Sin obviar la importancia de la toma de medidas en estos casos, nos parece interesante recuperar desde las herramientas del TO y la apuesta de Bajando al Sur por los cuidados una mirada que abra el panorama más aún y tome en consideración las dificultades de familias que no pueden permitirse una residencia o centro de mayores, las condiciones de riesgo en que viven, muchas veces internas, sin contrato ni papeles, numerosas pluriempleadas domésticas (encargadas de las tareas además del cuidado de las personas mayores) y por supuesto de nuestras mayores, a menudo silenciadas bajo expresiones tan viejovencéntricas como “ya chochea”, “eso que dice es del siglo pasado”, pero también atacadas estos días con otras como “que se mueran unos cuantos viejos no está mal, vivimos demasiado”.
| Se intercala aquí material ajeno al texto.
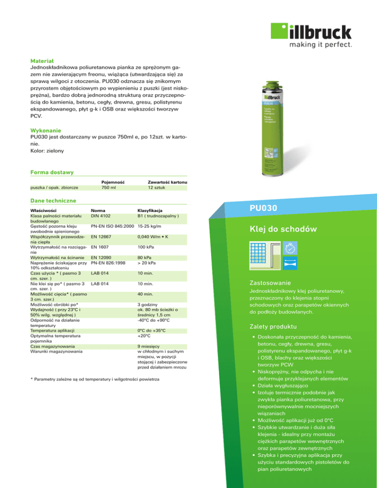 Materiał Jednoskładnikowa poliuretanowa pianka ze sprężonym gazem nie zawierającym freonu, wiążąca (utwardzająca się) za sprawą wilgoci z otoczenia. PU030 odznacza się znikomym przyrostem objętościowym po wypienieniu z puszki (jest niskoprężna), bardzo dobrą jednorodną strukturą oraz przyczepnością do kamienia, betonu, cegły, drewna, gresu, polistyrenu ekspandowanego, płyt g-k i OSB oraz większości tworzyw PCV. Wykonanie PU030 jest dostarczany w puszce 750ml e, po 12szt. w kartonie. Kolor: zielony Forma dostawy puszka / opak. zbiorcze Pojemność 750 ml Zawartość kartonu 12 sztuk Dane techniczne Właściwości Klasa palności materiału budowlanego Gęstość pozorna kleju swobodnie spienionego Współczynnik przewodzenia ciepła Wytrzymałość na rozciąganie Wytrzymałość na ścinanie Naprężenie ściskające przy 10% odkształceniu Czas użycia * ( pasmo 3 cm. szer. ) Nie klei się po* ( pasmo 3 cm. szer. ) Możliwość cięcia* ( pasmo 3 cm. szer.) Możliwość obróbki po* Wydajność ( przy 23°C i 50% wilg. względnej ) Odporność na działanie temperatury Temperatura aplikacji Optymalna temperatura pojemnika Czas magazynowania Warunki magazynowania Norma DIN 4102 Klasyfikacja B1 ( trudnozapalny ) PN-EN ISO 845:2000 15-25 kg/m EN 12667 0,040 W/m • K EN 1607 100 kPa EN 12090 PN-EN 826:1998 80 kPa > 20 kPa LAB 014 10 min. LAB 014 10 min. 40 min. 3 godziny ok. 80 mb ścieżki o średnicy 1,5 cm -40°C do +90°C 0°C do +35°C +20°C 9 miesięcy w chłodnym i suchym miejscu, w pozycji stojącej i zabezpieczone przed działaniem mrozu * Parametry zależne są od temperatury i wilgotności powietrza PU030 Klej do schodów Zastosowanie Jednoskładnikowy klej poliuretanowy, przeznaczony do klejenia stopni schodowych oraz parapetów okiennych do podłoży budowlanych. Zalety produktu • Doskonała przyczepność do kamienia, betonu, cegły, drewna, gresu, polistyrenu ekspandowanego, płyt g-k i OSB, blachy oraz większości tworzyw PCW • Niskoprężny, nie odpycha i nie deformuje przyklejanych elementów • Działa wygłuszająco • Izoluje termicznie podobnie jak zwykła pianka poliuretanowa, przy nieporównywalnie mocniejszych wiązaniach • Możliwość aplikacji już od 0°C • Szybkie utwardzanie i duża siła klejenia - idealny przy montażu ciężkich parapetów wewnętrznych oraz parapetów zewnętrznych • Szybka i precyzyjna aplikacja przy użyciu standardowych pistoletów do pian poliuretanowych PU030 Klej do schodów Przygotowanie • Powierzchnie należy oczyścić z substancji i materiałów pogarszających przyczepność (tłuszcze, środki bitumiczne itp.). • Na podłożach w okresie niższych temperatur nie może znajdować się szron lub lód. • Powierzchnie należy przed aplikacją zwilżyć przy użyciu spryskiwacza. • Najlepszą przyczepność uzyskuje się na powierzchniach porowatych, z dostępnem wilgoci wymaganej do utwardzenia pianki. Ilustracja 1: Przynajmniej 20 razy silnie potrząsnąć puszką Użycie • Przed użyciem, piankę należy energicznie wstrząsnąć co najmniej 20 razy. • Zdjąć nakrywkę ochronną z pojemnika i umieścić koncówkę z gwintem w uchwycie pistoletu do pianki. Klej PU030 aplikować na obwodzie stopnia schodowego czy parapetu w odległości około 2 cm od krawędzi, a następnie w części środkowej. Pojemnik z pianką podczas aplikacji powinien być skierowany zaworem do dołu. • Przedmiot klejony z niewielką siłą docisnąć do podłoża a następnie skorygować położenie przy pomocy łaty. • W przypadku prowadzenia prac podczas złych warunków atmosferycznych (deszcz, wiatr) należy bezwzględnie zabezpieczyć rejon prac osłonami aby nie dopuścić do nadmiernego zamoczenia podłoża oraz oddziaływania wiatru. Ilustracja 2: Umieścić puszkę w gnieździe pistoletu i dokręcić do oporu. Ilustracja 3: Zastosowanie PU030 Wskazówki Nakładanie pianki należy wykonywać w miejscach dobrze wentylowanych. Nie palić papierosów. Nosić odpowiednią odzież ochronną. Nosić odpowiednie rękawice oraz chronić oczy i twarz. Świeży klej do styropianu można od razu zmyć przy pomocy środka czyszczącego illbruck lub acetonu. Po utwardzeniu się pianki może być ona usunięta tylko mechanicznie. Nie jest odporna na promieniowanie UV. Puszki przechowywać w pozycji pionowej. Dalsze informacje dotyczące bezpieczeństwa stosowania zawarte są w karcie charakterystyki produktu. Wskazówki bezpieczeństwa Serwis techniczny Na życzenie klienta firma tremco illbruck udostępnia w każdej chwili fachową pomoc techniczną Dodatkowe informacje Powyższe informacje mogą być tylko ogólnymi wskazówkami. Ze względu na to, że nie mamy wpływu na warunki obróbki i zastosowania, jak również z powodu różnorodności stosowanych materiałów, należy przeprowadzić odpowiednie próby we własnym zakresie, aby sprawdzić materiał pod kątem dopasowania produktu do konkretnego zastosowania. Zastrzega się możiwość zmian technicznych. Najnowszą wersję znajdziecie Państwo na stronie www.tremcoillbruck.com tremco illbruck Sp. z o.o. Kuźnicy Kołłątajowskiej 13 31-234 Kraków Polska T:+48 12 665 33 08 F:+48 12 665 33 09 [email protected] www.tremco-illbruck.com 124702 | 2014-05 Najnowszą wersję karty charakterystyki znajdą Państwo na stronie www.tremco-illbruck.com

Si algo hemos aprendido del TO es la importancia de que sean las propias oprimidas quienes tomen su voz desde su lugar, para no caer en el error de hacer Teatro “sobre” las oprimida o “para” las oprimidas desde nuestra perspectiva también viejovencéntrica. Así pues, piezas con la propia voz de nuestras mayores, así como las de las cuidadoras domésticas o empleadas de residencias (doblemente oprimidas en su condición mayoritaria de mujeres migrantes) son deseables también para hacernos reflexionar sobre las alabanzas a la productividad de nuestra sociedad viejoven.

Creemos en la necesidad de transformación constante de la sociedad y para ello apostamos por situar los cuidados en el centro, no solo como motor económico, como últimamente se ha reivindicado, sino como motor humano, hacia un cambio que nos haga más conscientes de nuestras relaciones con el entorno y nos anime a honrar y reconocer a las personas mayores y a seguir transformando la sociedad con ellas.

Solo podemos pensar en un nuevo mundo libre de virus si lo tratamos colectivamente con las vitaminas del diálogo, la escucha mutua y la participación de todas las diversidades que enriquecen la sociedad. Con este tratamiento, disponible en todas las farmacias, tiendas, parques y plazas, aplanaremos la curva de la sociedad viejoven.